The configuration of the measurement apparatus 10 according to the present embodiment has been described in detail above with reference to FIGS. 4 to 9.

The measurement control unit 103, the measurement data acquisition unit 105, the vein position specifying unit 107, the pulsation component separation unit 109, the oxygen saturation calculation unit 111, and the measurement result output unit 113 according to this embodiment are related to this embodiment. It may be realized as a part of the measuring apparatus 10 or may be realized in an external device such as a computer connected to the measuring apparatus 10. In addition, measurement data generated by the measurement unit 101 is stored in a removable storage medium or the like, and this storage medium is removed from the measurement apparatus 10, and the measurement data acquisition unit 105, vein position specifying unit 107, and pulsation component separation unit 109 are removed. The measurement data may be analyzed by being connected to another device having the oxygen saturation calculation unit 111 and the measurement result output unit 113.

Heretofore, an example of the function of the measuring apparatus 10 according to the present embodiment has been shown. Each component described above may be configured using a general-purpose member or circuit, or may be configured by hardware specialized for the function of each component. In addition, the CPU or the like may perform all functions of each component. Therefore, it is possible to appropriately change the configuration to be used according to the technical level at the time of carrying out the present embodiment.

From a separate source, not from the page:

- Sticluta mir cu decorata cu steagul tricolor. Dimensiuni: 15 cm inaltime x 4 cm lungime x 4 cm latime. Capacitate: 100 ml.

It should be noted that a computer program for realizing each function of the measuring apparatus according to the present embodiment as described above can be produced and mounted on a personal computer or the like. In addition, a computer-readable recording medium storing such a computer program can be provided. The recording medium is, for example, a magnetic disk, an optical disk, a magneto-optical disk, a flash memory, or the like. Further, the above computer program may be distributed via a network, for example, without using a recording medium.

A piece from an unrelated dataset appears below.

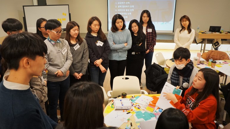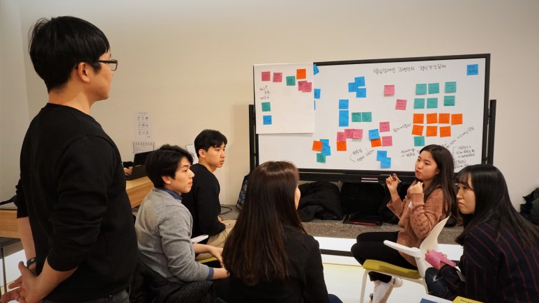 ▲ Design Thinking 수업시간 중 회의하고 있는 A조의 모습

<About measurement method>
Subsequently, the flow of the measurement method performed by the measurement apparatus 10 according to the present embodiment will be described in detail with reference to FIGS. FIG. 10 is a flowchart showing an example of the overall flow of the measurement method according to the present embodiment. FIG. 11 is a flowchart illustrating an example of a flow of vein mask generation processing according to the present embodiment, and FIG. 12 is a flowchart illustrating an example of a flow of vein mask application processing according to the present embodiment.

[Overall flow of measurement method]
First, the overall flow of the measurement method according to the present embodiment will be described with reference to FIG.
First, the measurement unit 101 of the measurement apparatus 10 according to the present embodiment measures a measurement site of a living body placed on the measurement unit 101 under the control of the measurement control unit 103 (step S101), and creates a vein mask. An initial image (vein mask image) is acquired (step S103). The measurement unit 101 outputs the obtained vein mask image to the measurement data acquisition unit 105, and the measurement data acquisition unit 105 outputs the output vein mask image to the vein position specifying unit 107.

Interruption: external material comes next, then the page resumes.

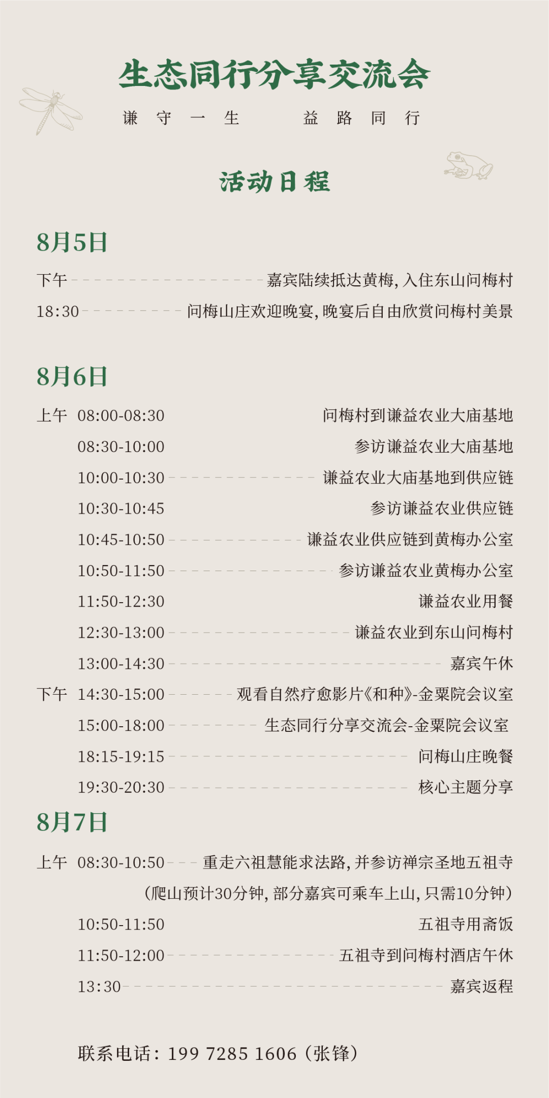 本次周年庆活动主题为:谦守一生,益路同行,生态同行分享交流会。就是想邀请大家一起来谈谈彼此的初心和未来。从8月5日到8月7日,为期三天,让我们把酒言欢,共话桑麻。

The vein position specifying unit 107 generates a vein mask based on the vein mask image output from the measurement data acquisition unit 105 (step S105). After generating the vein mask, the vein position specifying unit 107 outputs the generated vein mask to the pulsation component separating unit 109.

Thereafter, the measurement unit 101 of the measurement apparatus 10 according to the present embodiment acquires initial measurement data (image data) for pulse wave measurement under the control of the measurement control unit 103 (step S107). Thereafter, the measurement unit 101 outputs the obtained image to the measurement data acquisition unit 105, and the measurement data acquisition unit 105 outputs the output measurement data (image data) to the pulsation component separation unit 109.

The spatial filter unit 141 of the pulsation component separation unit 109 applies the vein mask generated by the vein position specifying unit 105 to the image output from the measurement data acquisition unit 107 (step S109), and there is a vein. The measurement data excluding the position to be generated is generated. Thereafter, the spatial filter unit 141 calculates an average luminance value using the obtained data, and outputs the obtained average luminance value data to the frequency filter unit 143.

The frequency filter unit 143 applies a frequency filter to the time series of the average luminance value data output from the spatial filter unit 141 (step S111), removes the DC component, and then obtains the obtained data (ie, Pulse waveform data) is output to the oxygen saturation calculator 111.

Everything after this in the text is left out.